Manifestations des agriculteurs: Bruxelles, source de tous les maux et… de toutes les réponses

Les tracteurs bloquent à nouveau Bruxelles. BELGA PHOTO NICOLAS MAETERLINCK
Olivier Mouton
Olivier Mouton Chef news

Des centaines de tracteurs paralysent à nouveau la capitale. En attente de réponses, mais “un virage à 180° est en cours”, dit le ministre David Clarinval. L’Europe, controversée, est aussi devenue le recours pour tout: industrie, défense…

Coucou, les revoilà. Quelque 300 tracteurs vont paralyser Bruxelles, une nouvelle fois, ce mardi, alors que se réunit un nouveau Conseil des ministres européens avec l’agriculture à son menu. Le ras-le-bol a été globalement entendu aux échelons belge et wallon, mais au niveau européen, cela ne va pas assez vite à leur goût. La tension demeure, elle était même montée d’un cran, avec des débordements, fin février. Et de nouveaux incidents sont à craindre.

Oui, il y eu quelques “avancées” obtenues depuis le début de leur mouvement de grogne, ils le reconnaissent. Mais leurs revendications principales demeurent: des prix rémunérateurs ou la fin des accords de libre-échange. Les récentes propositions de la Commission européenne “sont insuffisantes pour s’attaquer aux causes profondes qui ont motivé les manifestations des agriculteurs et agricultrices dans toute l’Europe depuis des mois”, estime la Coordination européenne Via Campesina.
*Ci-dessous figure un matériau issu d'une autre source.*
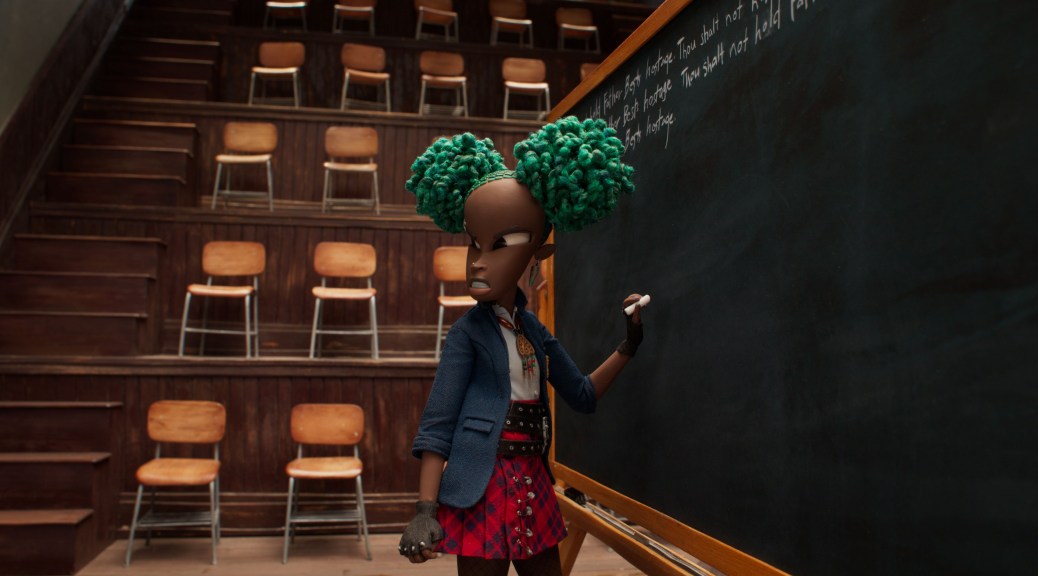 Take Kat (Lyric Ross), for example: she sports dueling green buns to support her rebellious nature. After all, her parents died in a car accident when she was 8 and she continues to blame herself, which leads her to juvie and a Catholic school for girls, ultimately. At the same time, the film shifts over to the demon world, where Wendell (Keegan-Michael Key) and Wild (Jordan Peele) are toiling away, adding hair follicles to their oversized father’s scalp. For reasons that aren’t exactly fleshed out, their one true desire in life is to build a carnival, and they can’t do that unless they escape to the human world.

“Depuis deux mois, on a fait un virage à 180°, insiste David Clarinval (MR), ministre belge de l’Agriculture, au micro de Bel RTL. Les agriculteurs s’en rendent compte, mais ce n’est pas encore tangible dans leur portefeuille.”

Bruxelles, au cenre de tout

L’Europe est, depuis la naissance de l’Union européenne, alors Communauté, au centre de la régulation de l’agriculture. Au lendemain de la guerre, il s’agissait d’assurer l’approvisionnement de pays marqués par le conflit. La Politique d’agriculture européenne a imposé ses quotas et ses aides, régissant un secteur rapidement transformé, notamment avec ses grandes exploitations et ses surplus. Voilà l’agriculture à un nouveau tournant: prix trop souvent insuffisants pour vivre, contraintes environnementales pour limiter l’impact sur le changement climatique…

La grogne est donc structurelle, elle remet en cause, depuis des semaines, les rapports au secteur de la distribution, elle demande des simplifications administratives… Les agriculteurs veulent retrouver une forme de liberté, mais c’est aussi un monde coupé en deux entre les agricultures intensives et les artisans, chez nous surtout présents en Wallonie. Comment satisfaire tout le monde? Le chantier est complexe.

David Clarinval insiste sur ce qui est sur la table au niveau européen: taxation à 100% des importations russes à hauteur de 1 milliard, limitation des importations ukrainiennes, révision fondamentale de la PAC et réorientation des contraintes environnementales. Les traités de libre-échange ne seront pas signés, notamment le Mercosur, sans clauses miroir. Bref, cela bouge, lentement, mais cela bouge.

Critiquée et derniers recours

A quelque deux mois des élections européennes (en plus des fédérales et régionales, en Belgique), la Commission et les ministres européens sont sur tous les fronts. En cette ère de multicrises, l’Europe est souvent montrée du doigt. Bruxelles, depuis des décennies, est “la” coupable toute trouvée. Et lors du scrutin à venir, la montée de l’extrême droite risque de réclamer un retour aux Etats.

C’est le grand paradoxe. Car face aux défis gigantesques de l’époque, l’Europe est aussi… la seule susceptible d’apporter les réponses nécessaires. C’est le cas pour l’agriculture, mais l’industrie appelle également à l’aide face aux menaces qui pèsent sur la compétitivité et le concurrence féroce des Etats-Unis et de la Chine. En matière de défense, c’est l’Europe encore qui est susceptible de dégager un fonds pour se réarmer face à la menance russe. Et face au défi climatique, seule l’Europe à la taille critique pour agir.

C’est d’ailleurs l’autre paradoxe: même les partis “souverainistes” ou extrémistes ne réclament plus la fin de l’Union européenne, mais le retour à une Europe des Etats. Car elle restera toujours la source de tous les maux et… de toutes les réponses.